# Project Teaser!



## Shogun_Nate (Aug 2, 2008)

Howdy folks!

Been a while since I was here but sadly, I have returned. Yes, yes...I know. Please keep the moans and bricks to yourselves..for now :biggrin:! As I haven't really worked on writing in a while, I've been gradually working myself back into it in an attempt to a. improve my writing skills and b. well..see 'a'! Below is a recent project that I've been thinking about involving a member of my nilla chapter. This part is towards the end of it (well most of it...there are a few fiddly bits o pages that I'm not putting up yet lol..don't exactly want to ruin the whole ending now do we? :biggrin. The idea is to follow the life of said marine as he meanders his way towards his death. So, without further ado, I present:

*Samurai*​
Satake Toshiro pounded down the dimly lit winding corridor, passed flickering luminators and rusting pipes as he made his way deeper to the heart of the geo-thermal facility beneath the mountain city of Callix. This far under the surface the hallways were stifling. Sweat ran in rivulets down scars that marred his craggy features as he ran. The oppressive heat came from magma vents deep below in the planet’s core. The raging inferno's energy was shunted through the snaking pipes surrounding him and into the waiting turbines above, feeding power to the city‘s many industries. In places steam seeped through weak joins in need of repair, adding to the muggy atmosphere. The thickness of the air combined with the realization that miles of rock separated him from the open sky triggered a passing sense of claustrophobic unease in the space marine. It reminded him all too easily of the cramped gantries and crawlways of a star ship, a place many astartes found uncomfortable. He shook his head, clearing the random thoughts that clung to his mind like cobwebs as he set himself to the task at hand. 

Pushing his heightened senses to their fullest, he listened for signs of pursuit. The harsh sound of ceramite boots ringing on heavy steel mesh flooring and the constant ping of the auspex slaved to his wrist filled his ears. Each tolling chime coming from the small device alerted him that he drew nearer to his destination. He slowed his pace, coming to a stop. It seemed foolish but he stood brazenly in the center of the hall, his breathing slowing as he prepared to start the chase again. He knew he couldn’t get too far ahead if the trap was to work. His quarry had to follow him to the end. 

“Emperor, give me strength,” he whispered to himself, praying fervently that the plan would work. 

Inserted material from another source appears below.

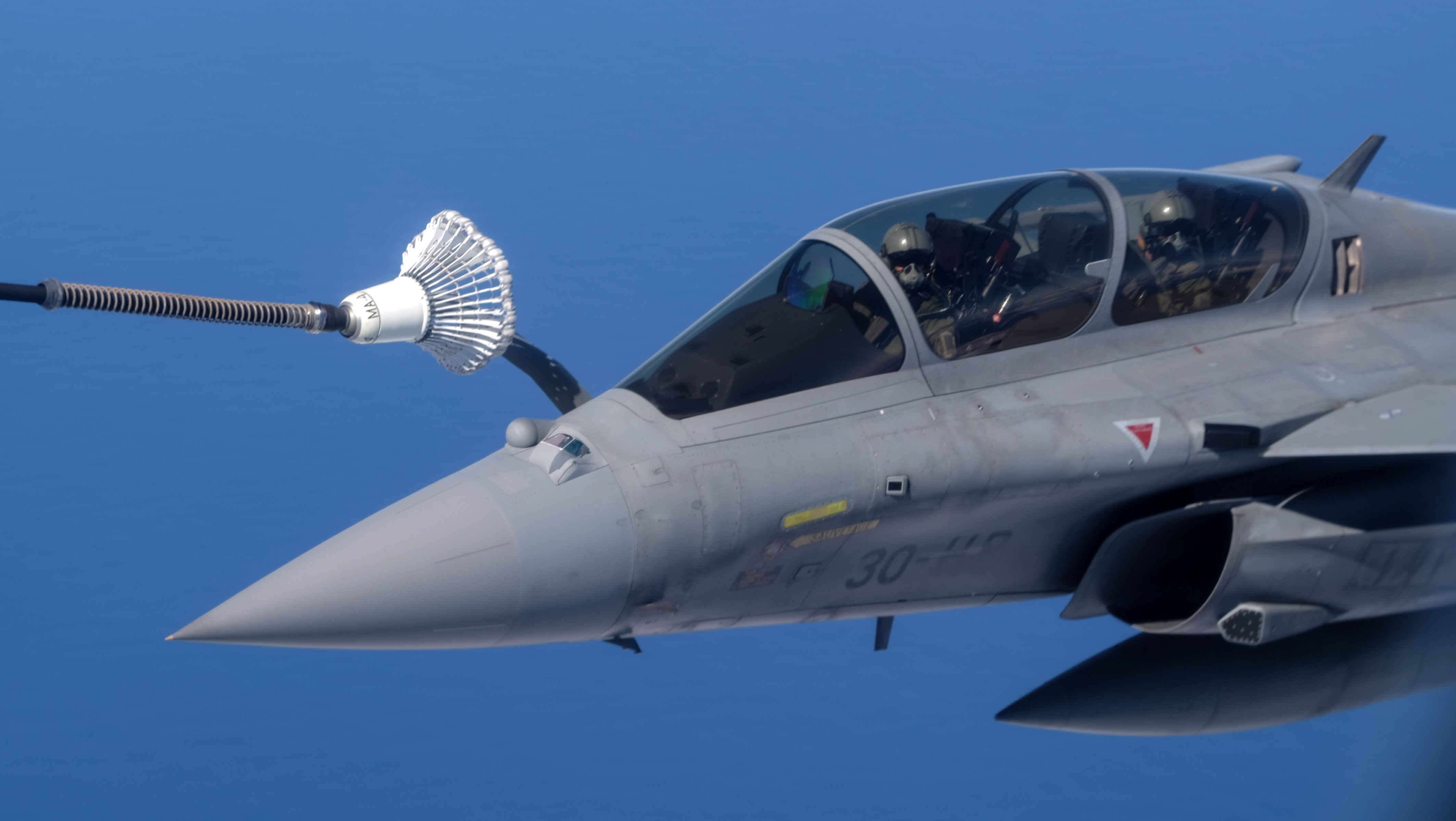 Les Rafale ont été ravitaillés deux fois. Une manœuvre très technique. « La chance du Phénix, c’est que c’est un avion très stable, avec des automatismes qui nous permettent de voler de manière optimale pour faciliter les chasseurs lors de la phase de ravitaillement en vol », nous détaille le pilote du ravitailleur. En tant que commandant de vol, c’est lui qui va surveiller la trajectoire, la vitesse de l’avion, et donner des consignes à l’opérateur de ravitaillement et aux pilotes de chasse.

As Toshiro waited, his hand tightened around the grip of his katana out of habit; knuckles cracking in unison as he tensed, preparing himself for what was to come. His bolter lay clamped at his side, the ammunition for the ancient weapon having long been spent. Little more than dead weight, Toshiro still could not bring himself to part with the relic. It was old. The battered casing had seen battle in no less than a hundred hands across thousands of worlds in the span of its life. It seemed a shame that such a thing should be lost to the chapter but he hoped the raging spirit would appreciate dying alongside the man who had wielded it with honor for so many centuries. In his other hand, he cradled a jury-rigged detonator as one would something precious. The small tube barely fit in his armored glove but the promise of hope carried inside the crudely-made device made it worth more than all of the treasures of the Imperium at that moment to him. 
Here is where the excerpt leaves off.